Works on MCCWS.
# Some datasets are compressed by rar.
apt install unrar
# Python dependency.
pipenv install
pipenv install --dev
# First run preprocessing.
python -m src.preprocess \
--dev_ratio 0.1 \
--exp_name my_pre_exp \
--model_name bert-base-chinese \
--max_len 60 \
--seed 42 \
--use_dset as \
--use_dset cityu \
--use_dset msr \
--use_dset pku \
--use_width_norm 1 \
--use_num_norm 1 \
--use_alpha_norm 1 \
--use_mix_alpha_num_norm 1 \
--use_unc 1
# Then use the preprocessing result to train MCCWS.
python -m src.train_mccws \
--batch_size 64 \
--ckpt_step 5000 \
--exp_name my_model_exp \
--gpu 0 \
--log_step 1000 \
--lr 2e-5 \
--max_norm 10.0 \
--pre_exp_name my_pre_exp \
--p_drop 0.1 \
--seed 42 \
--total_step 200000 \
--use_unc 1 \
--warmup_step 50000 \
--weight_decay 0.0
# After training, generate model inference on dev sets.
python -m src.infer_mccws \
--batch_size 512 \
--exp_name my_dev_infer_exp \
--first_ckpt 100000 \
--gpu 0 \
--last_ckpt 200000 \
--model_exp_name my_model_exp \
--seed 42 \
--split dev \
--use_unc 0
# Run dev F1 evaluation and find the checkpoint with highest dev F1.

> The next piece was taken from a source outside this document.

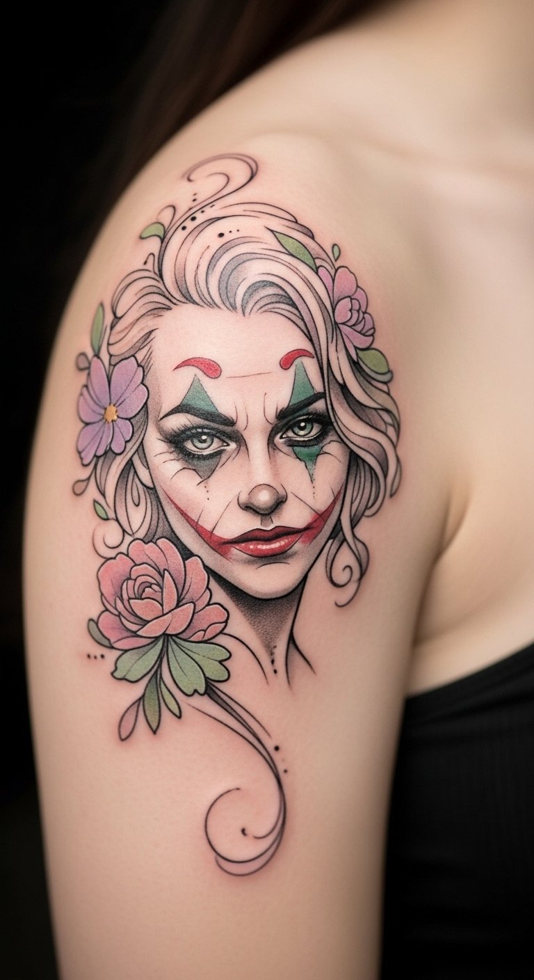 Feminine Joker tattoos add curves and flowers. Try it on your shoulder for elegance. Blend in roses for a soft touch. Look for female artists with affordable rates, starting at $80. DIY with fabric markers on clothes first. Keep it small for quick sessions. Pair with dresses for outings. This version fits everyday fashion without fuss. Customize with personal elements.
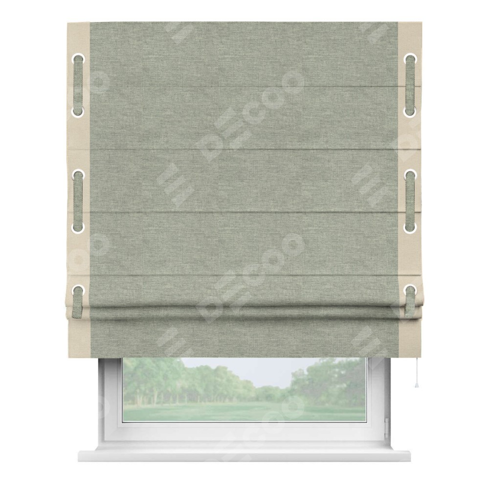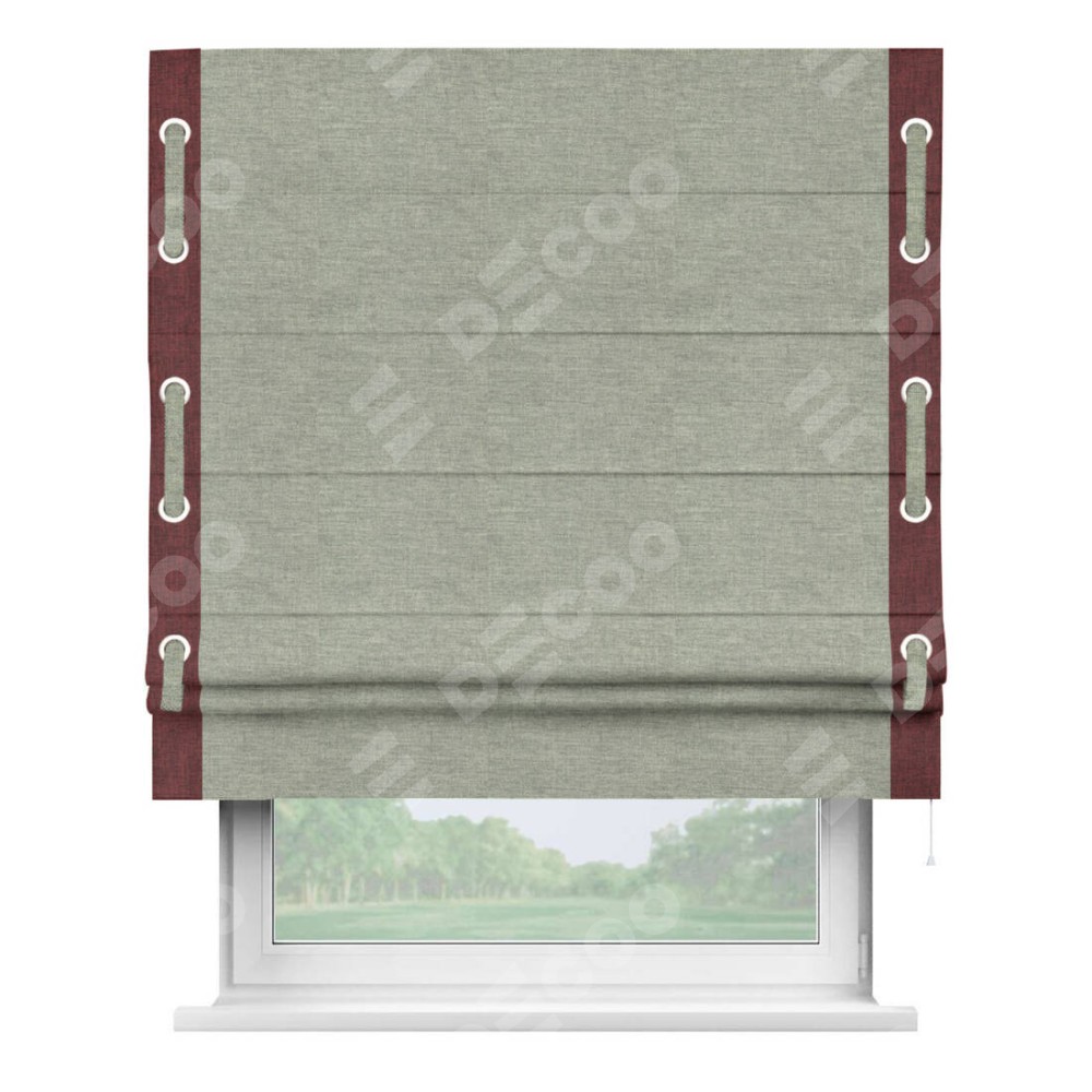Римская штора производителя «Cortin», используется для проёма, пошита из ткани лён кашемир серый new, артикул 21618. Отделка шторы кантом «Стрим Дуо» на кантах расположены люверсы с пояском, ткань для канта используется из льна разной расцветки на выбор. Ткань для пояска обычно используется из основной ткани шторы, а так же можно сделать из любой расцветки по желанию. Имеет универсальный механизм и подходит для монтажа: на потолок, на стену и в нишу.

python -m src.eval_mccws_f1 \
--exp_name my_dev_infer_exp \
--first_ckpt 100000 \
--gpu 0 \
--last_ckpt 200000 \
--split dev \
--use_unc 0
# Use the checkpoint with highest F1 on dev to inference on test sets.
python -m src.infer_mccws \
--batch_size 512 \
--exp_name my_test_infer_exp \
--first_ckpt 175000 \
--gpu 0 \
--last_ckpt 200000 \
--model_exp_name my_model_exp \
--seed 42 \
--split test \
--use_unc 0
# Run test F1 evaluation.
python -m src.eval_mccws_f1 \
--exp_name my_test_infer_exp \
--first_ckpt 175000 \
--gpu 0 \
--last_ckpt 200000 \
--split test \
--use_unc 0
# Inference with UNC.
python -m src.infer_mccws \
--batch_size 512 \
--exp_name my_test_unc_infer_exp \
--first_ckpt 175000 \
--gpu 0 \
--last_ckpt 200000 \
--model_exp_name my_model_exp \
--seed 42 \
--split test \
--use_unc 1
# Run test F1 evaluation with UNC.
python -m src.eval_mccws_f1 \
--exp_name my_test_unc_infer_exp \
--first_ckpt 175000 \
--gpu 0 \
--last_ckpt 200000 \
--split test \
--use_unc 1